Since his computer is his best friend, he figures that he needs a program drawing the mazes for him. So he starts thinking about an algorithm performing this difficult task for him and he comes up with `Johnny's Simple Algorithm.'
Johnny's Simple Algorithm
You start with a M×N grid, where M is the number of rows and N is the number of columns of the grid. Initially, no two cells of the grid are connected to each other, so every cell is surrounded by walls on all four sides. The walls consist of an underscore (`_') for a horizontal wall, and a vertical bar (`|') for a vertical one. For example, if M = 3 and N = 4, the grid looks like this:
_ _ _ _ |_|_|_|_| |_|_|_|_| |_|_|_|_|
Every cell of the grid has unique coordinates (p, q). The lower left corner in the example is (1, 1), the upper right corner is (3, 4).
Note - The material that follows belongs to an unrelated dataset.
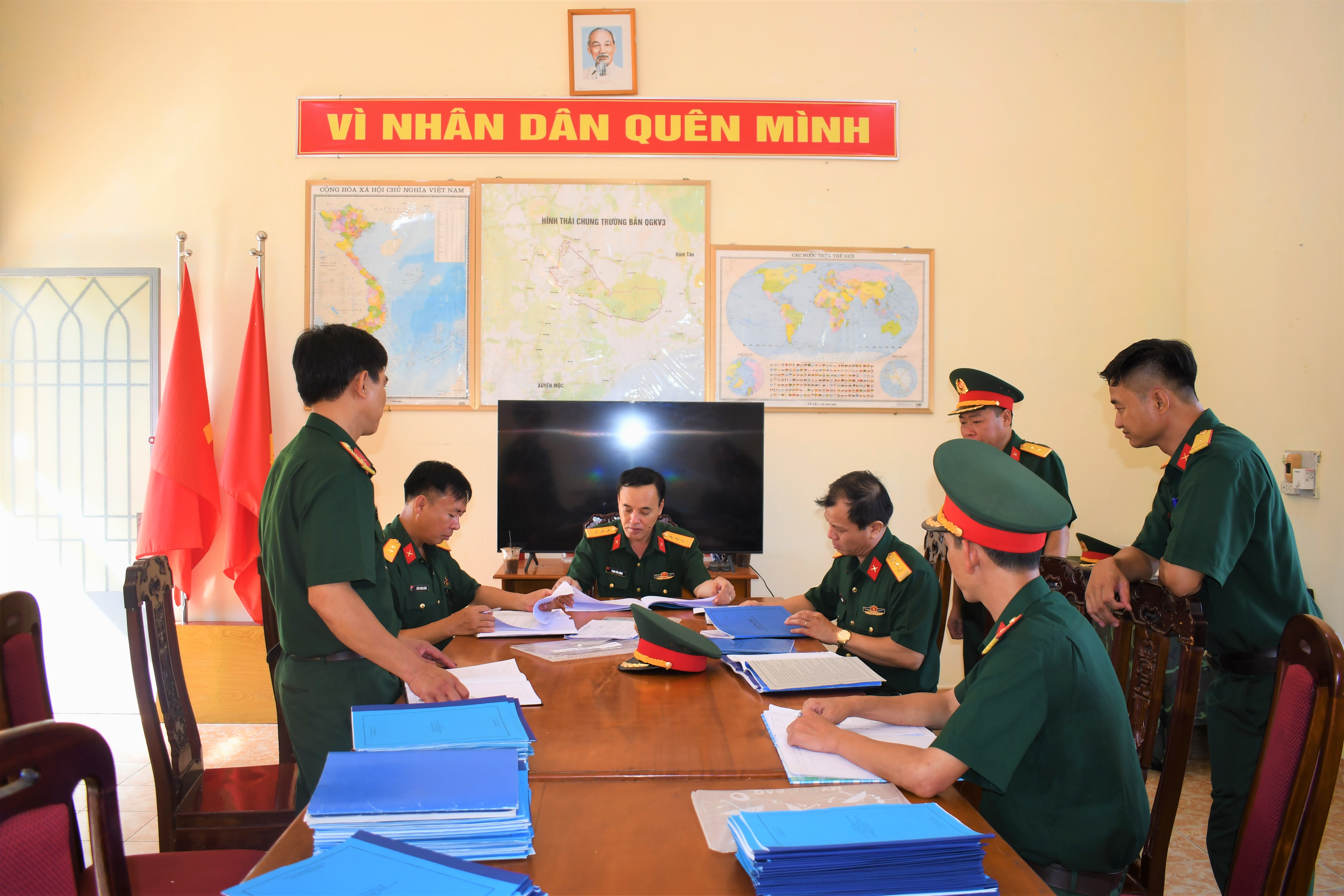 Thành viên đoàn công tác kiểm tra hệ thống sổ sách huấn luyện CSM.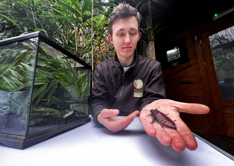 Henry Weedon, Operations Manager at Hemsley Conservation Centre poses with a cockroach, in Fairseat, Kent, Britain, on Feb 10, 2022.

After choosing the dimensions of the maze, you choose a starting cell. From now on you keep track of a list of pending cells, which initially contains only one cell (the starting cell), and you repeat the following steps:
- If the list is empty, you stop. The maze is ready.
- Else, you consider the most recently added cell in the list (call this cell AC). If this cell (at the end of the list) has no unvisited neighbor cells then you remove this cell from the list. Every cell has at most 4 neighbor cells: on the right, left, above and below. A cell is unvisited if it has never been added to the list.
- If AC has at least one unvisited neighbor cell, you choose one of the unvisited neighbor cells (call this cell NC), remove the wall between AC and NC and add NC to the end of the list.
Johnny makes a nice little program using this algorithm and it works fine, but Johnny is not completely satisfied with the results. He is a demanding little boy and in his opinion the so-called branching factor of the maze is too low, i.e. the generated mazes contain very long paths and too few crossings. Therefore, the mazes are still too easy to solve for him.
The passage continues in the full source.